Plant breeders are always striving to develop new varieties that satisfy growers, producers and consumers.

To do this, breeders use genetic markers to bring desirable traits from wild species into their cultivated cousins. Transferring those markers across species has been difficult at best, but a team of grapevine breeders, geneticists and bioinformatic specialists at Cornell AgriTech in Geneva, New York, has come up with a powerful new method.

Their research is detailed in “Haplotyping the Vitis Collinear Core Genome With rhAmpSeq Improves Marker Transferability in a Diverse Genus,” published Jan. 21 in Nature Communications.


Bruce Reisch, professor of horticulture and member of the VitsGen2 team at Cornell AgriTech, assesses powdery mildew on chardonnay vines.
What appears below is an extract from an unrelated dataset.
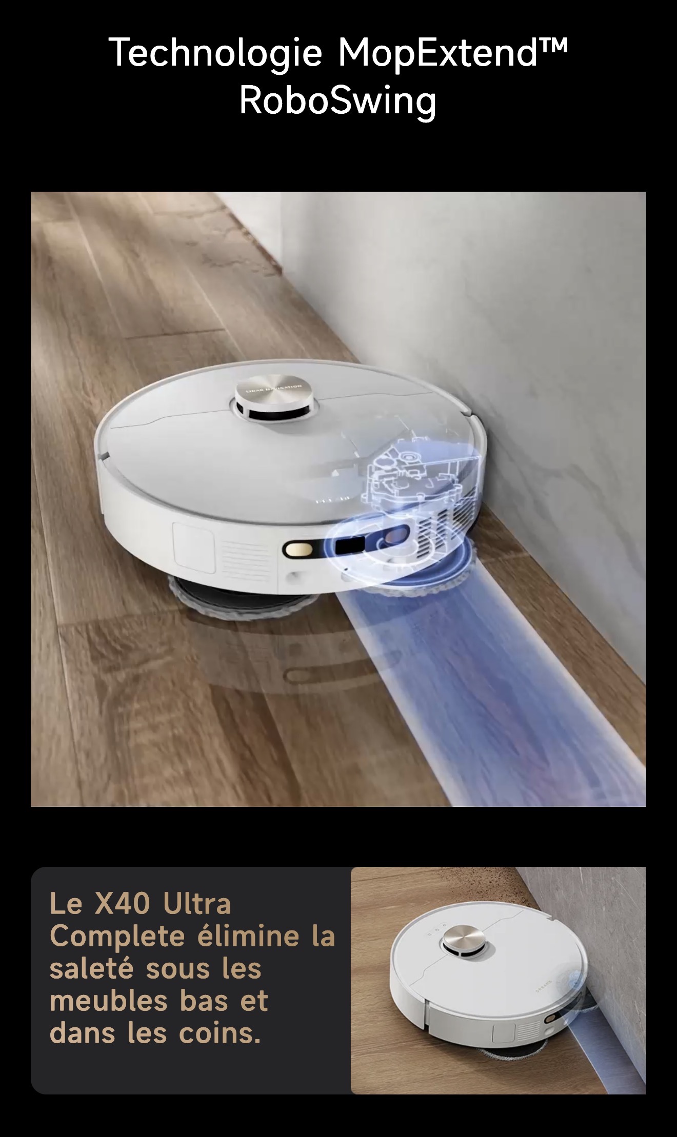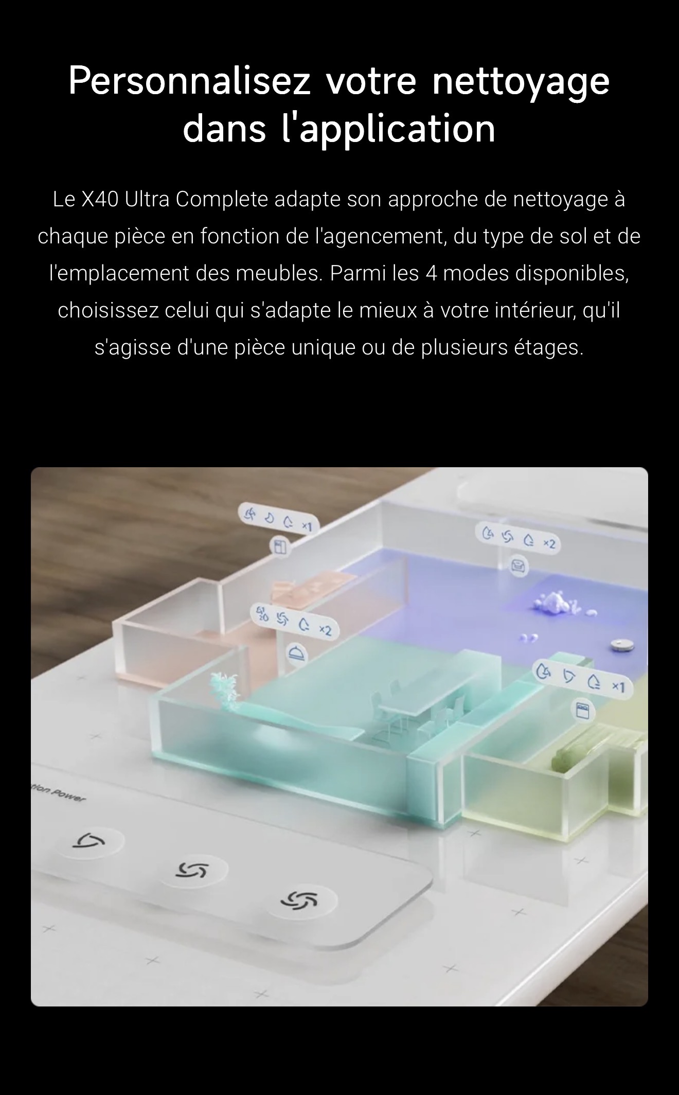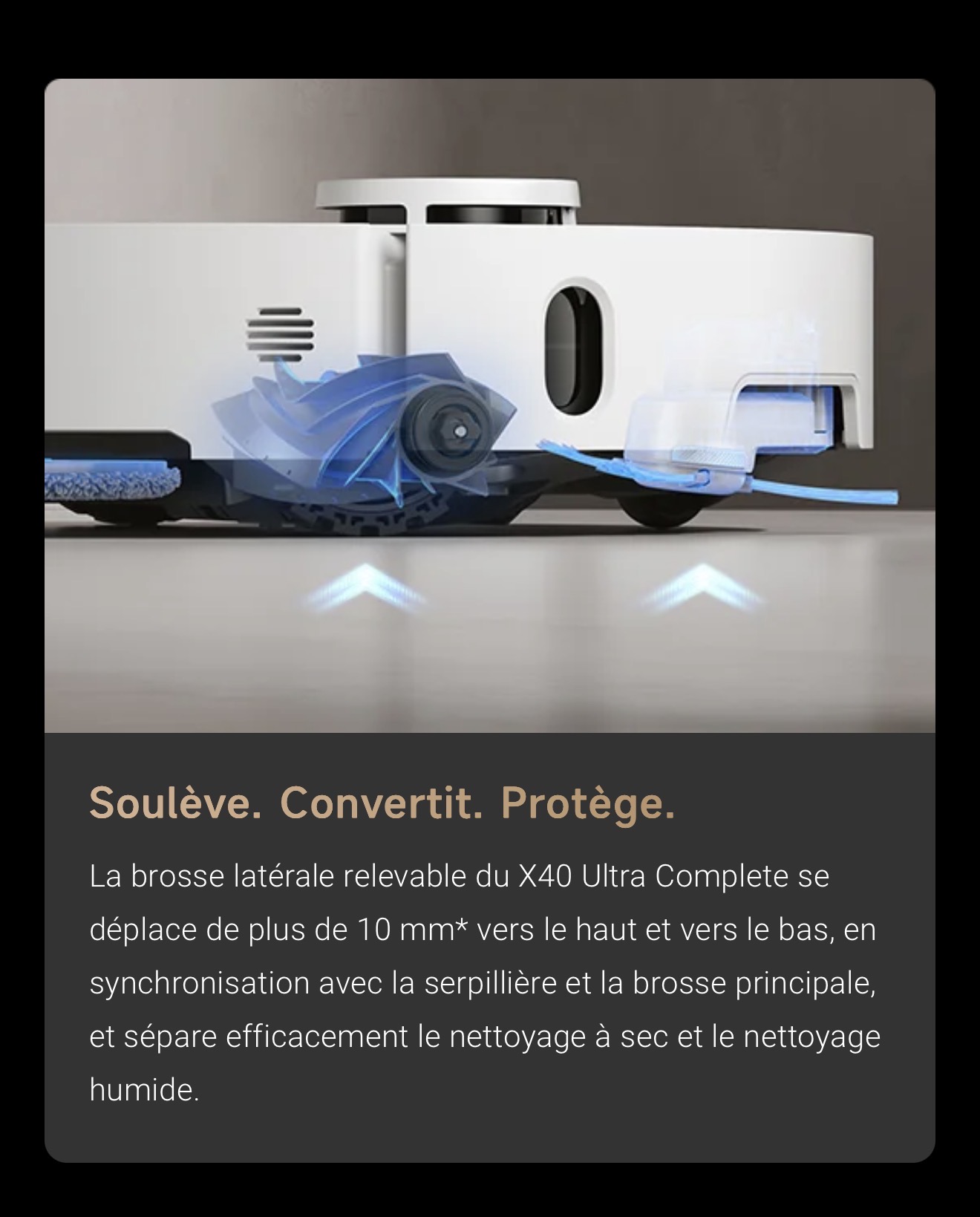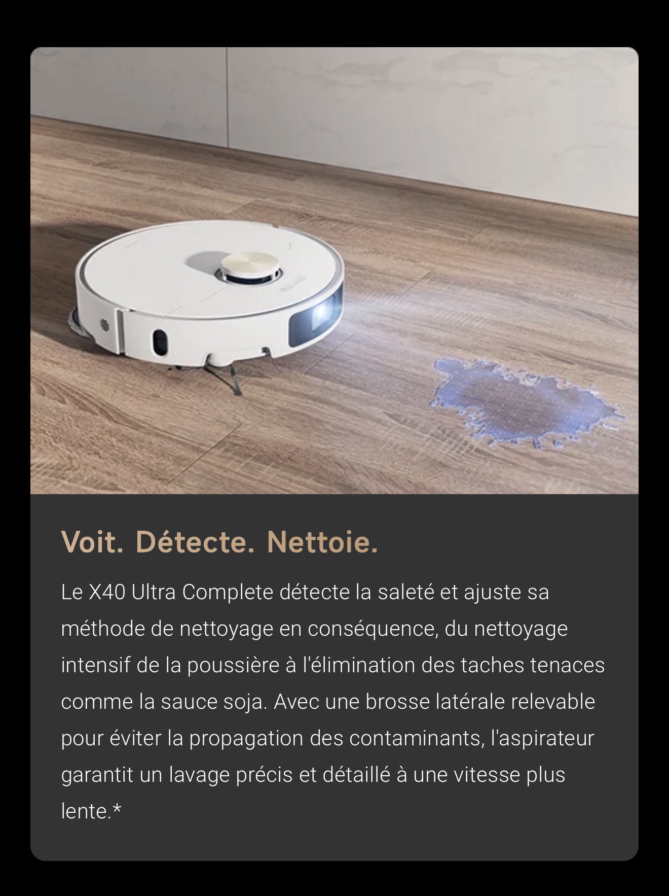 Le capteur couleur mesure précisément la saleté de l'eau, garantissant ainsi un second lavage de la serpillière pour éliminer efficacement les taches. Le X40 Ultra Complete double le lavage des sols pour plus de fraîcheur.

Photo: Allison Usavage/Cornell University

The team’s new technique for developing genetic markers improves markers’ transfer rate across grapevine species by leaps and bounds – from 2% to 92%. With it, breeders worldwide can screen their collections and find out immediately which vines have the traits they want – regardless of what varieties they are, where they came from or which species their parents were.

“This new marker development strategy goes well beyond grapes,” said co-author Bruce Reisch, professor of horticulture in the College of Agriculture and Life Sciences, and leader of Cornell’s Grapevine Breeding and Genetics Program. “It’s applicable for breeding and genetic studies across different grape breeding programs, plant species and other diverse organisms.”